The phenomenal journey of this book began when William Paul Young decided to write a story about what he felt his children should know about his own dark night of the soul. No, according to him, he didn't have a child who was abducted or killed, but that he had that Great Sadness that his protagonist had. Then when he gave it to his friends and family to read, the story kept changing hands so much so that they encouraged him to publish it. In fact, two people from California that time when it was still in its bound format wanted to fly to Oregon to meet his protagonist personally thinking that Mack was a real person! So there is a current of energy, a kind of consciousness that this book raises that have people itching to pass it on. That's amazing. No publisher, religious or mainstream, would touch this book when Young tried to submit. So he and three other friends decided to open their own publishing company with only one book - his. Their first print was 11,000 copies and it was sold within two months. This book that didn't fit in to any category has found success much like Twilight (not that I'm a huge fan).

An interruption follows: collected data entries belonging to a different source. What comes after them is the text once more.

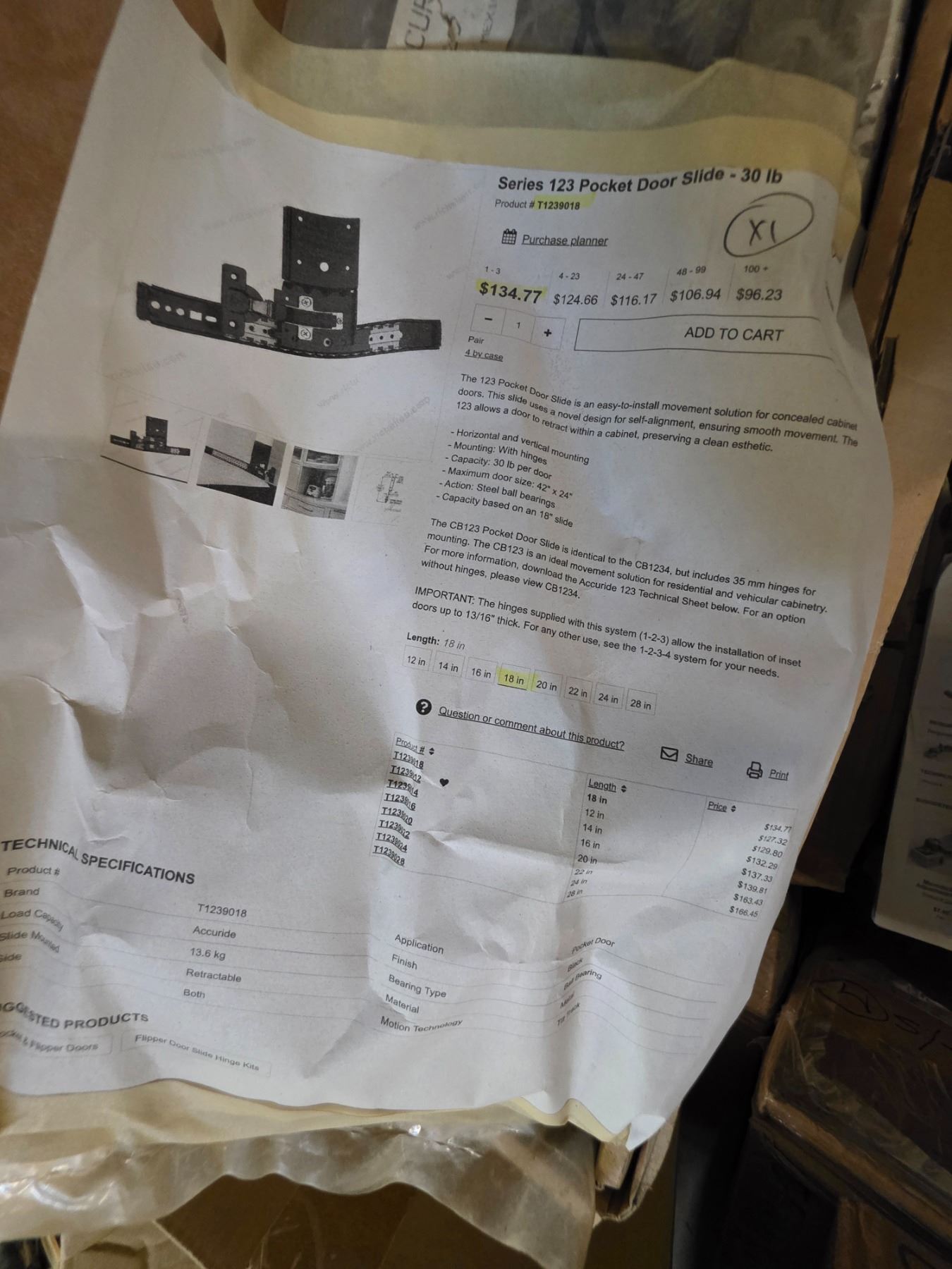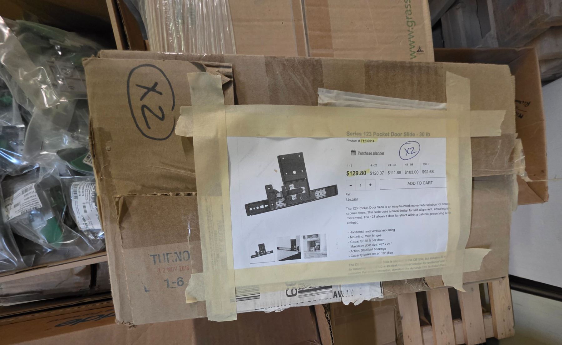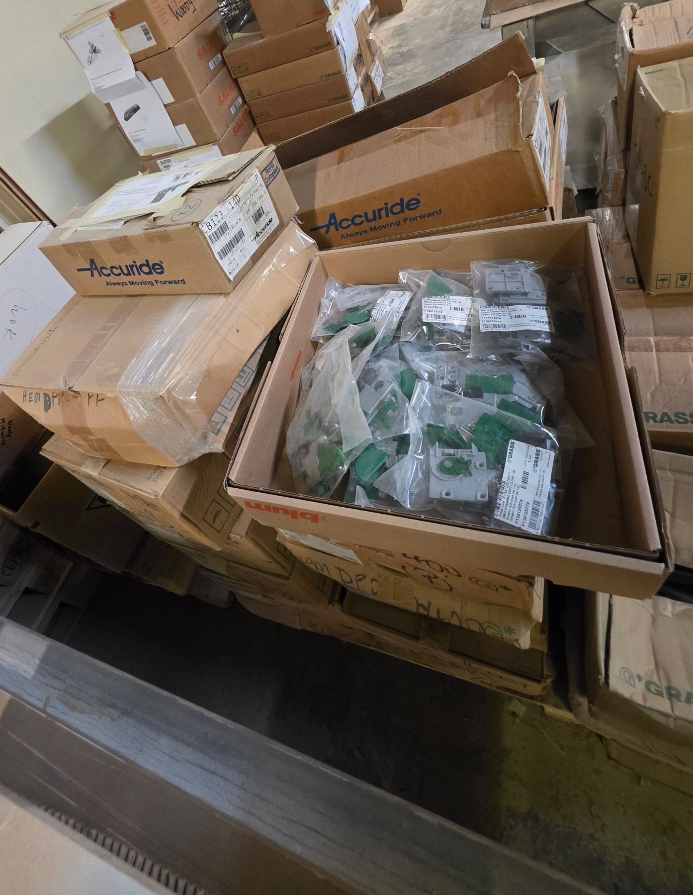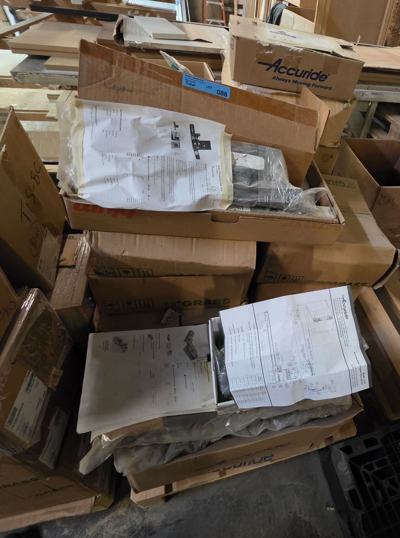 Pallet - Assorted Accuride slides, mounting hardware, pocket door hardware, etc. - Approx. Wholesale Value: $3,500+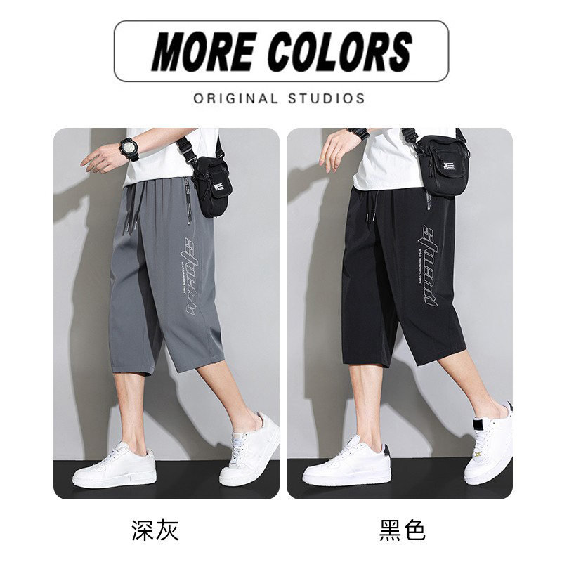 冰丝七分裤子男士夏季薄款潮牌宽松速干过膝中裤男款运动休闲短裤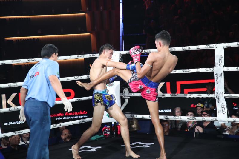| การต่อสู้ | มวยซ้ายเข่าอาชีพขวางหน้าล็อกรัดตีเหนียวแน่นเสียบตลอดปลายแข็งแกร่ง ''หลายชาย นพรัตน์ เกียรติกำธร'' | สูงยาวเข่าแหลมเปิดเกมขวางหน้าเสียบแหลมดุดันโยนเข่าฟันศอกสวนปลายแข็งแกร่งเดินติดๆดี |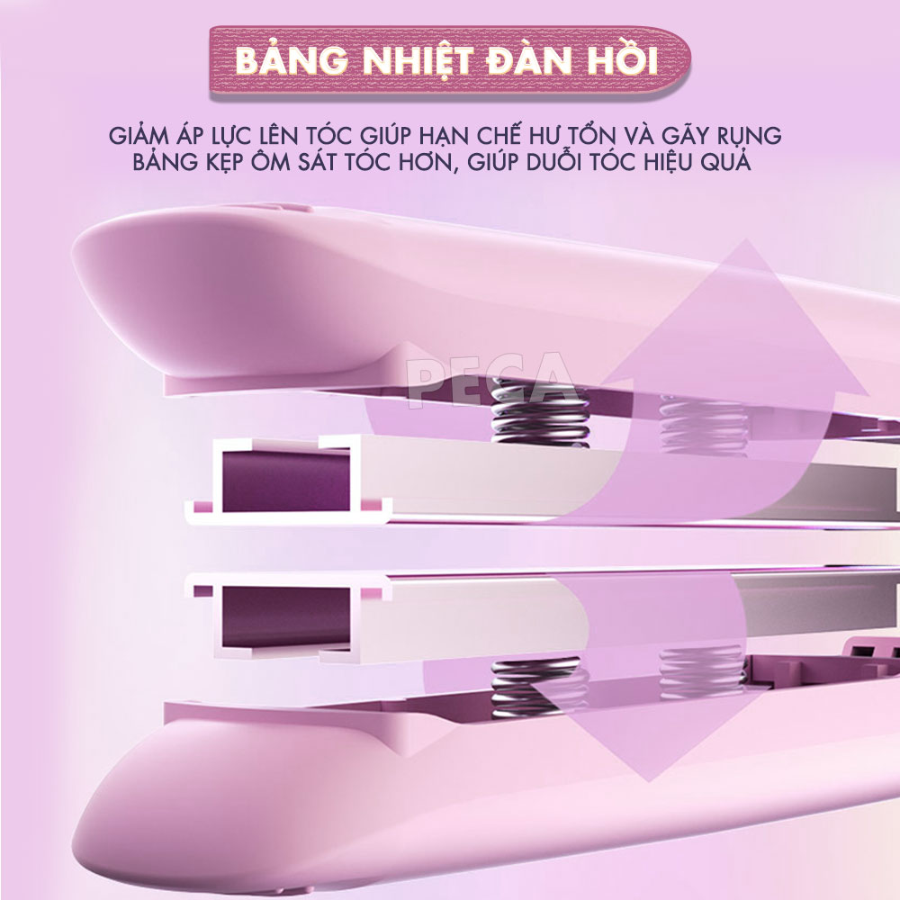 Mua tại TiktokMÁY DUỖI TÓC KEMEI KM-3142 CHUYÊN NGHIỆP ĐIỀU CHỈNH 10 MỨC NHIỆT PHÙ HỢP SỬ DỤNG VỚI MỌI LOẠI TÓC - HÀNG CHÍNH HÃNG Máy duỗi tóc Kemei KM-3142 là sự lựa chọn hoàn hảo cho những ai muốn sở hữu mái tóc thẳng mượt mà như vừa được chăm sóc tại salon ngay tại nhà. Với thiết kế hiện đại, màu sắc dễ thương tông hồng nổi bật, máy không chỉ là một công cụ làm đẹp mà còn là phụ kiện thời trang đẳng cấp. ƯU ĐIỂM NỔI BẬT: Máy duỗi tóc Kemei KM-3142 sử dụng tạo nhiều kiểu tóc chuyên dụng: duỗi thẳng, uốn cụp đuôi,.. 1/ Cấu tạo bảng nhiệt: Cấu tạo ba lớp: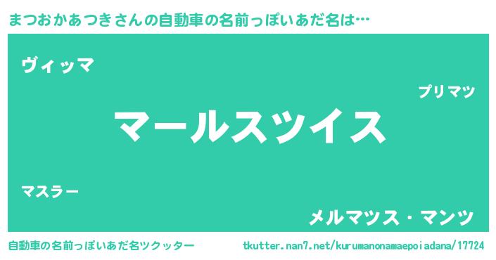 | 男性向けラノベタイトル風あだ名 | 『転生したらまつおかあつきだった件』 |
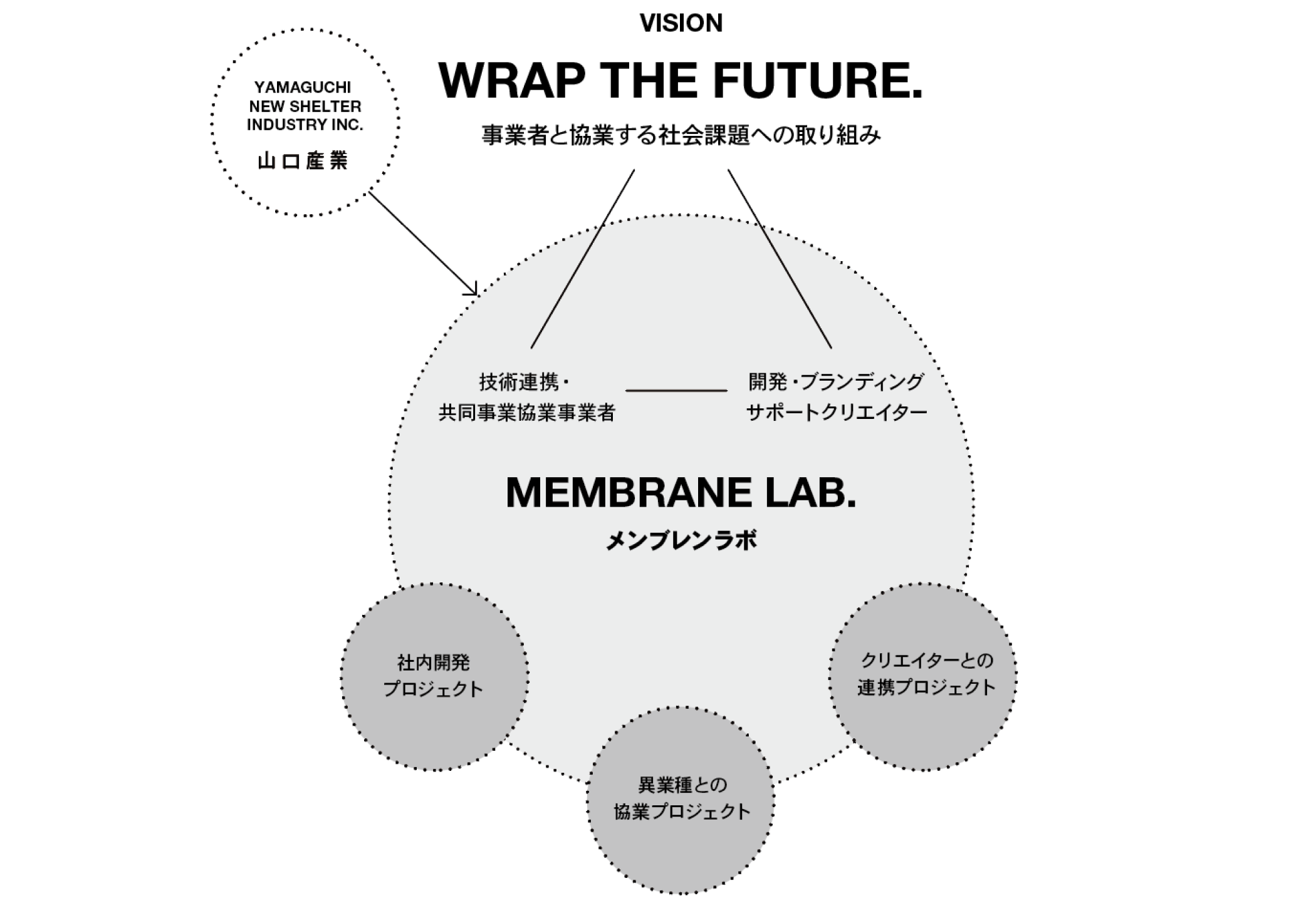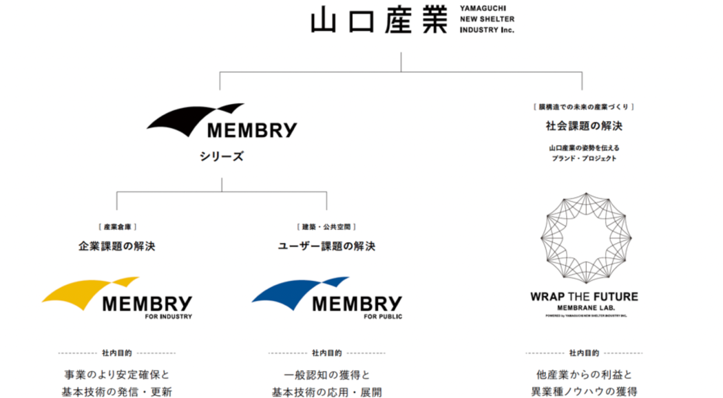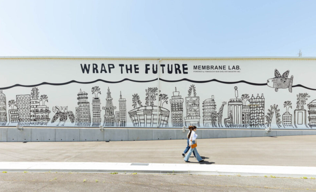 山口産業は、テント倉庫を中心とした膜構造建築の設計・施工を手がける専門企業です。膜素材の特性と専門技術を活かし、「膜構造建築で社会の課題に何ができるか」という問いから生まれたのが、同社のビジョン「WRAP THE FUTURE(ラップ・ザ・フューチャー)」。このビジョンの実現に向けて立ち上げられた社内プロジェクト「MEMBRANE LAB(メンブレインラボ)」では、農業、産業、防災、都市空間などをテーマに、異業種との協業や実験的プロジェクトを推進。人や社会、環境と膜をつなぎ、まだ見ぬ可能性をかたちにしていく場として活動しています。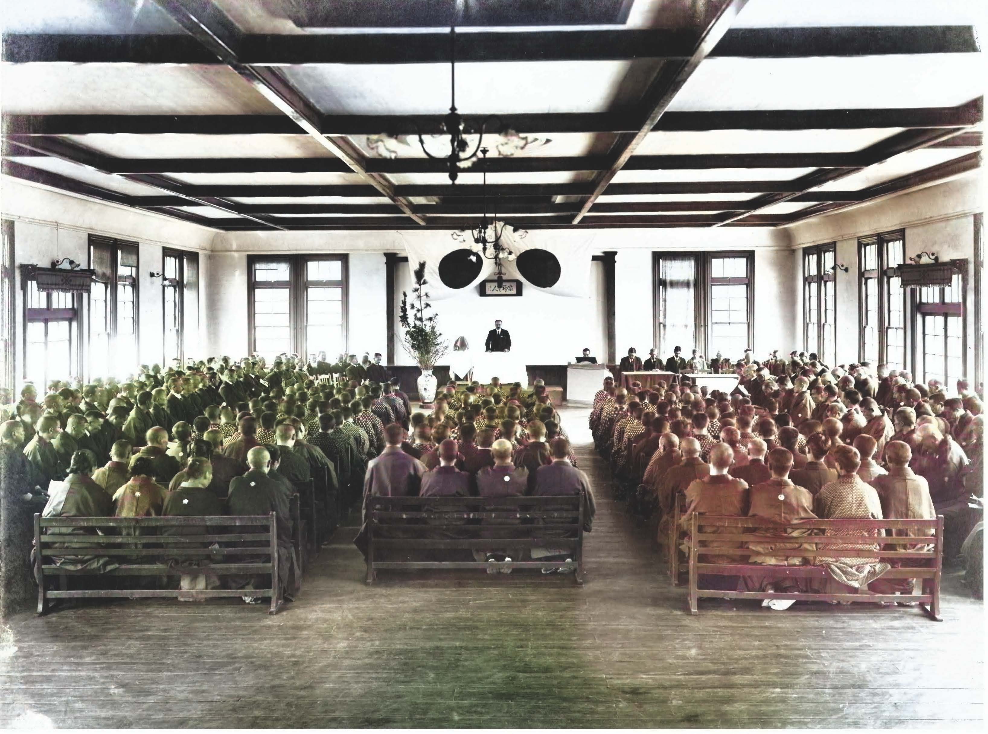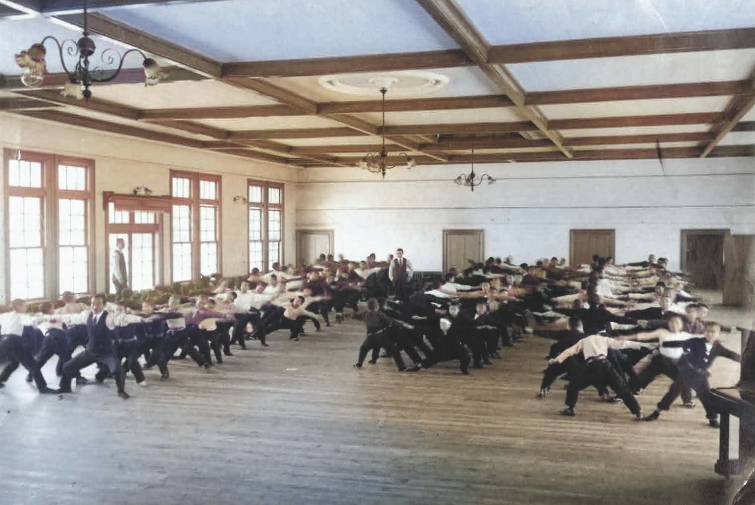 120.52p⑥大正11年(1922)講堂での体育の授業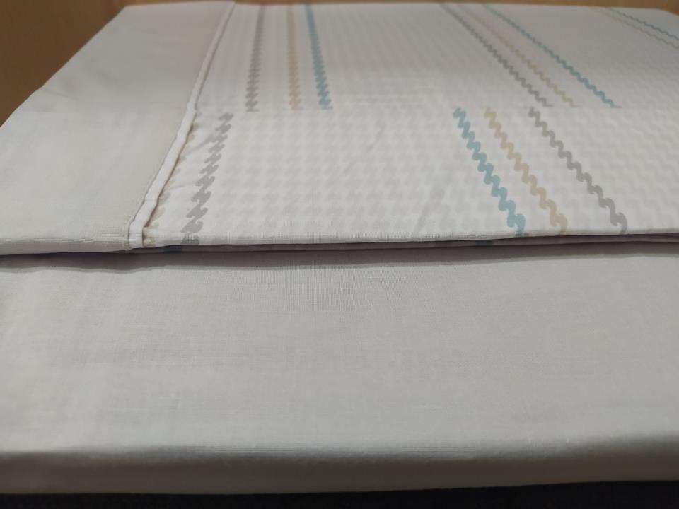 180:Sábana encimera 260 x 270 cm., Sábana bajera 180 x 200 + 30 cm. y 2 Fundas de almohada 45 x 110 cm.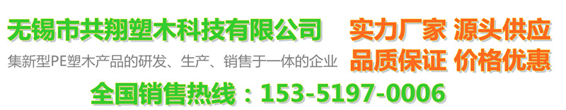 无锡市共翔塑木科技有限公司坐落于中国太湖之滨,素有紫砂之都的江苏省宜兴,是一家集新型PE塑木产品的研发、生产、销售为一体的企业,公司一期投资1500万元,占地30000平方米,拥有配套化塑木生产线8条,年生产量10000余吨。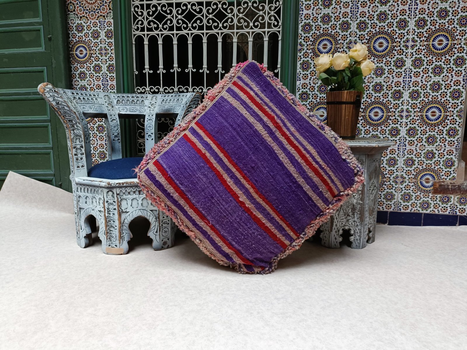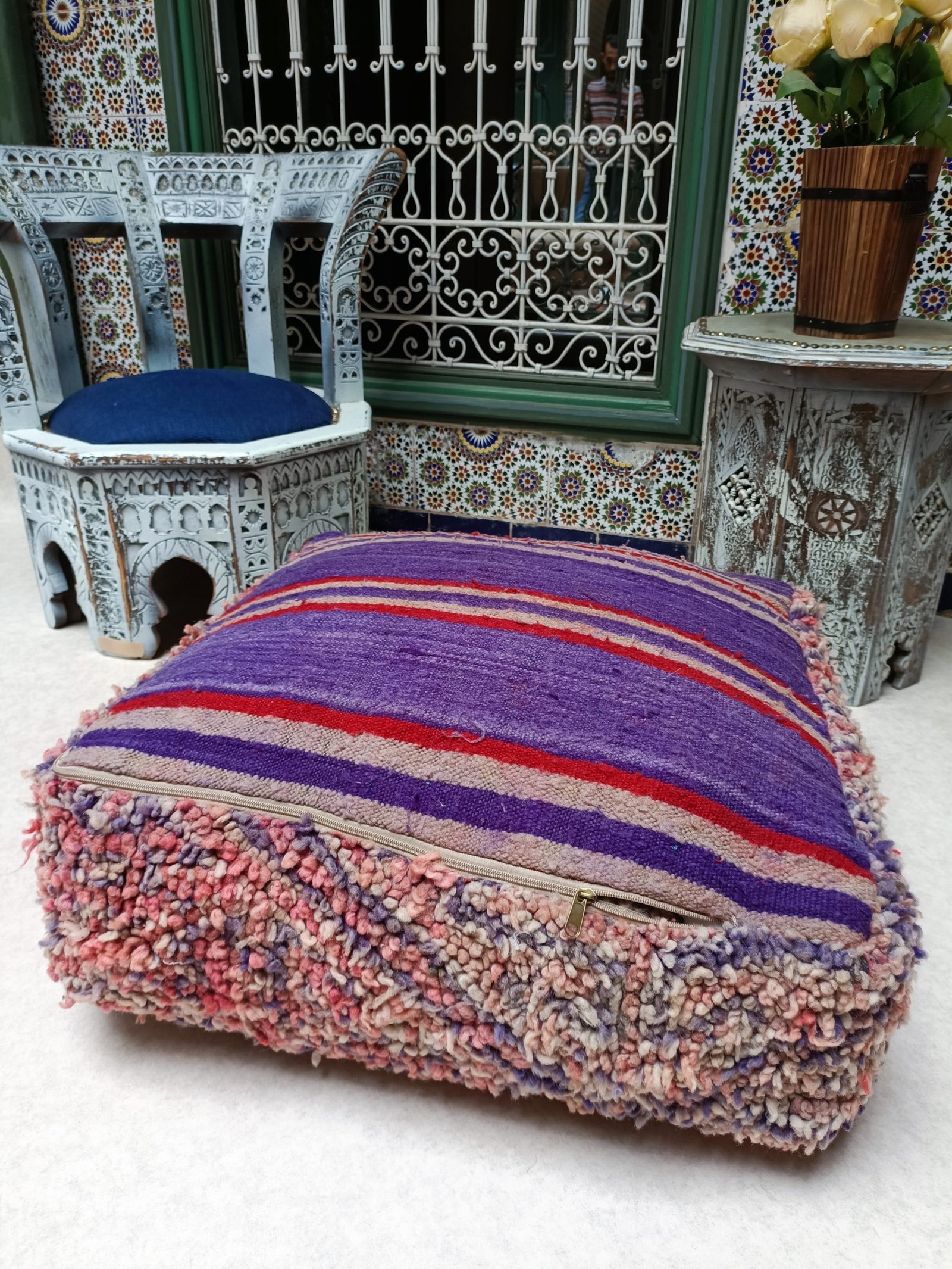 Moroccan Kilim Floor Cushion is multiple function, it can be used as an ottoman, footrest, yoga meditation cushion, or just a coffee table.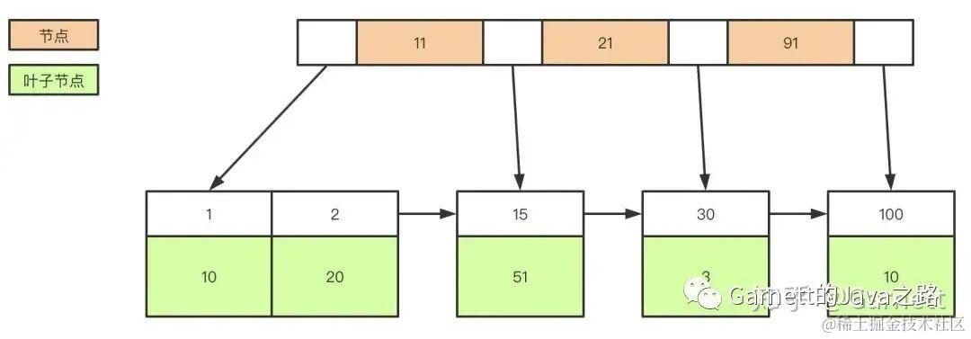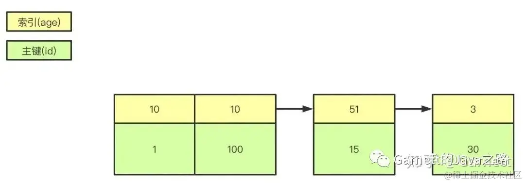 create table user( id int(11) not null, age int(11) not null, primary key(id), key(age) ); B+树是左小右大的顺序存储结构,节点只包含id索引列,而叶子节点包含索引列和数据,这种数据和索引在一起存储的索引方式叫做聚簇索引,一张表只能有一个聚簇索引。假设没有定义主键,InnoDB会选择一个唯一的非空索引代替,如果没有的话则会隐式定义一个主键作为聚簇索引。\

I'm not laughing at self-publishing now.

Tuesday, October 19, 2010

Another Day at Work: The Armenian Mafia

My head was swimming over the week-end. Besides the drama I had with a supervisor who was extremely rude, there was other news/gossip floating around. Apparently, one of the workers at the hospital was very involved in medicaid fraud with the Armenian mafia. It's national news. I've seen the girl. She is one hot Spanish mama. But it doesn't mention it in any of the news articles I've read. Maybe she's trying to cut a deal with the Feds. Apparently, she was on her way to work last week when the Feds showed up and cuffed her. As I heard this, I kept thinking of the Russian spy girl who made the news. They have the same vibe. Anyway, she was supplying the mafia with information about patients coming in to the hospital.

There's a lot of action where I work. Damn.

Tuesday, October 12, 2010

Paper Topics



Philippe de Champaigne, St. Augustine (Los Angeles County Museum of Art

This may be foolish but I've decided to write a final paper on St. Augustine. Yikes! It's a 20-page monster. We read his conception of the third paradise/heaven for class. My one-page commentary on him wasn't the best work I turned in yet somehow I'm stuck with him. He's just that intense. Why couldn't I do something easier? I was even thinking of incorporating Buddhist thought comparisons into the mix. Sigh. Any suggestions?